- Activity:
Repeat the span of the entries below that starts at the line with "Matériaux naturels dans" and ends at the line with "Etichetta della Galleria", nothing more. Skip the pictures.
___ Dataset content ___
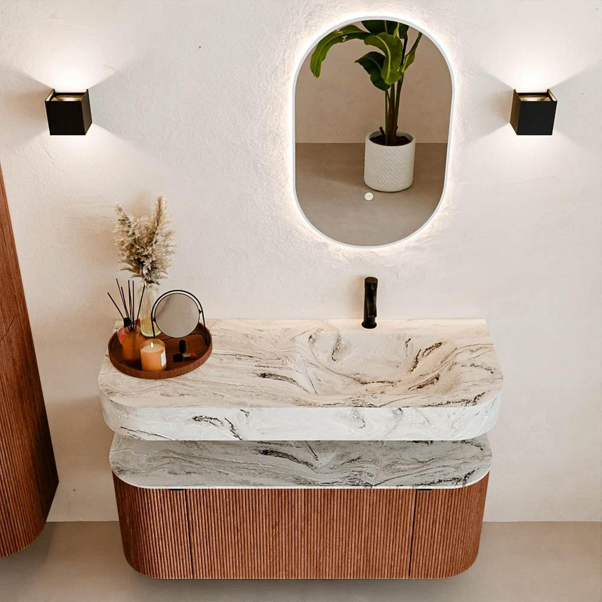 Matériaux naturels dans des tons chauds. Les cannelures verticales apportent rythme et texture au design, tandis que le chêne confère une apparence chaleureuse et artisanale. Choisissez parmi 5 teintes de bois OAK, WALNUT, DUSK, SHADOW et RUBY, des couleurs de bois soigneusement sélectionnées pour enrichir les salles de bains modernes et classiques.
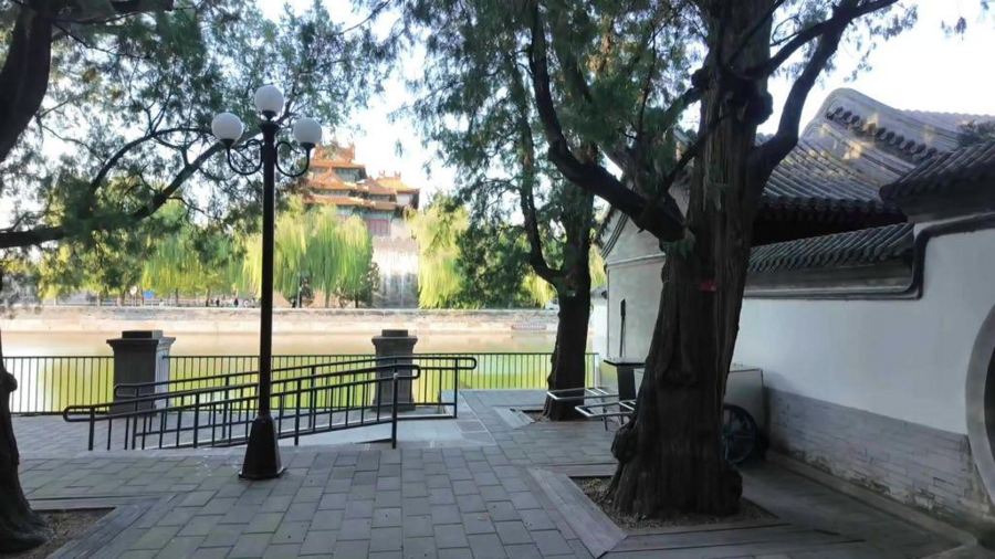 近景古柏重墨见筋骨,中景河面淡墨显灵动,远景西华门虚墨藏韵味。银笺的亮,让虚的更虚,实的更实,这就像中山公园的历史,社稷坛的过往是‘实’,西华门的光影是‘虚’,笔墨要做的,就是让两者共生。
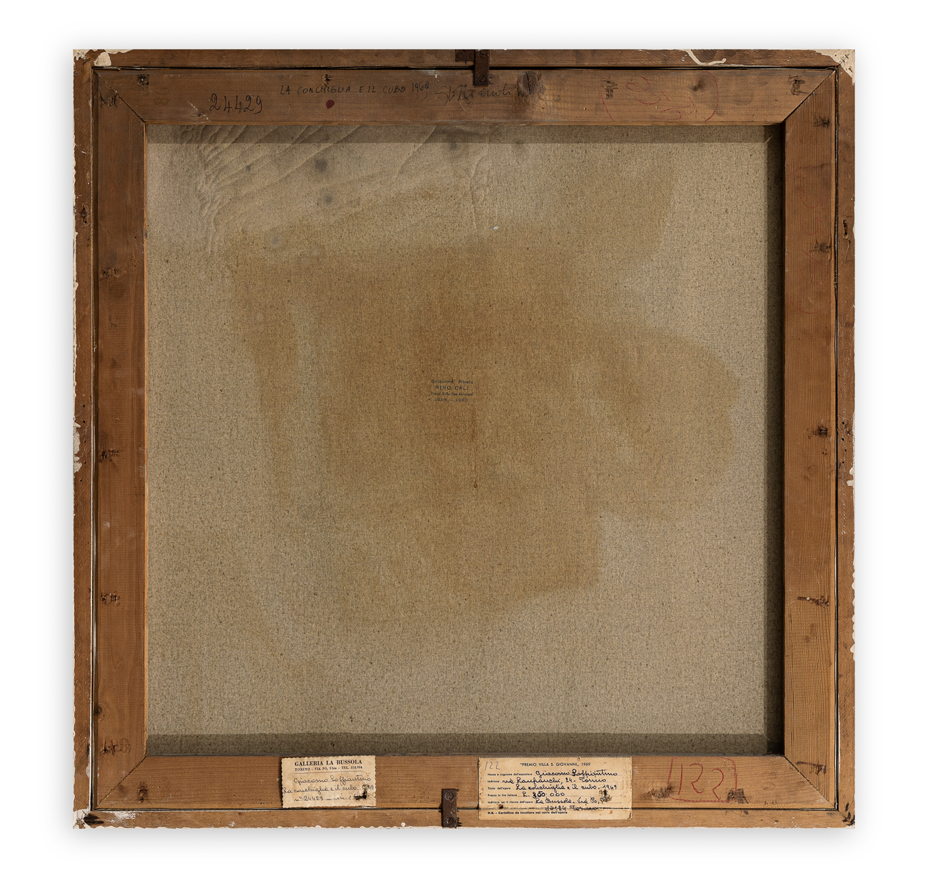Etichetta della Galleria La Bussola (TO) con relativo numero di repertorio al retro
___
___ Dataset content ___
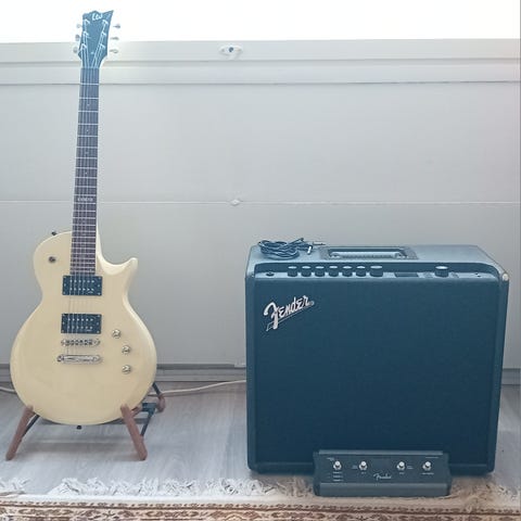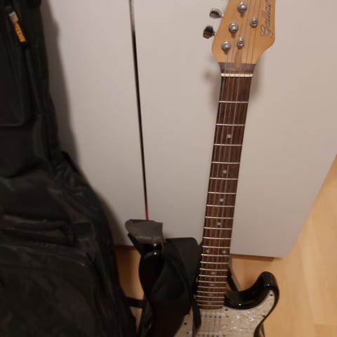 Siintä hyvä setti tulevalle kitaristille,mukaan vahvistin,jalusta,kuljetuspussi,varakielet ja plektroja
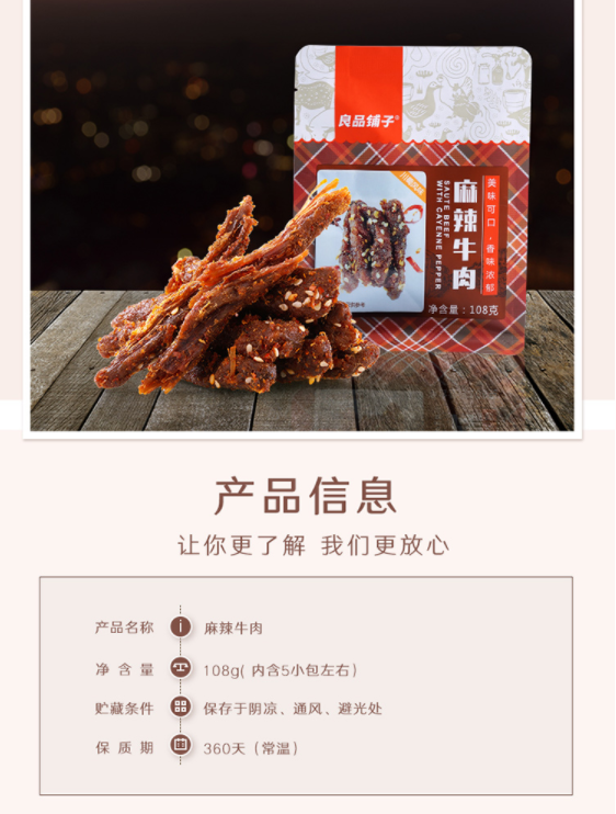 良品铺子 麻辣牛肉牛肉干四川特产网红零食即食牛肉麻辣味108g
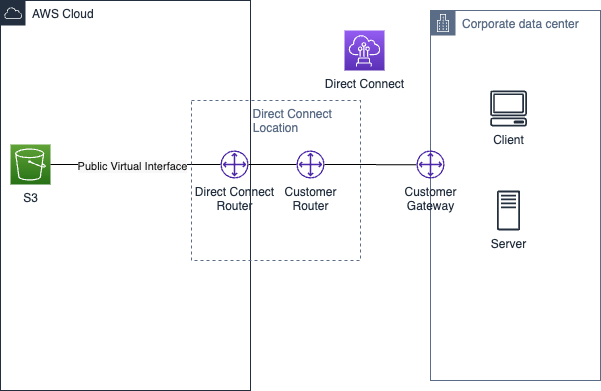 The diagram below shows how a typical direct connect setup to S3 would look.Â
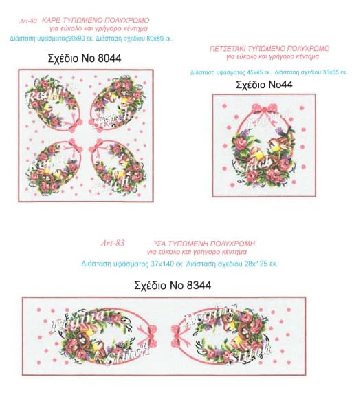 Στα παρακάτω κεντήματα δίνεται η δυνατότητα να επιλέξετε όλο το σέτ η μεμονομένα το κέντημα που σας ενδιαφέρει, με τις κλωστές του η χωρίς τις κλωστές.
___
- Written reply:
 Matériaux naturels dans des tons chauds. Les cannelures verticales apportent rythme et texture au design, tandis que le chêne confère une apparence chaleureuse et artisanale. Choisissez parmi 5 teintes de bois OAK, WALNUT, DUSK, SHADOW et RUBY, des couleurs de bois soigneusement sélectionnées pour enrichir les salles de bains modernes et classiques.
 近景古柏重墨见筋骨,中景河面淡墨显灵动,远景西华门虚墨藏韵味。银笺的亮,让虚的更虚,实的更实,这就像中山公园的历史,社稷坛的过往是‘实’,西华门的光影是‘虚’,笔墨要做的,就是让两者共生。
Etichetta della Galleria La Bussola (TO) con relativo numero di repertorio al retro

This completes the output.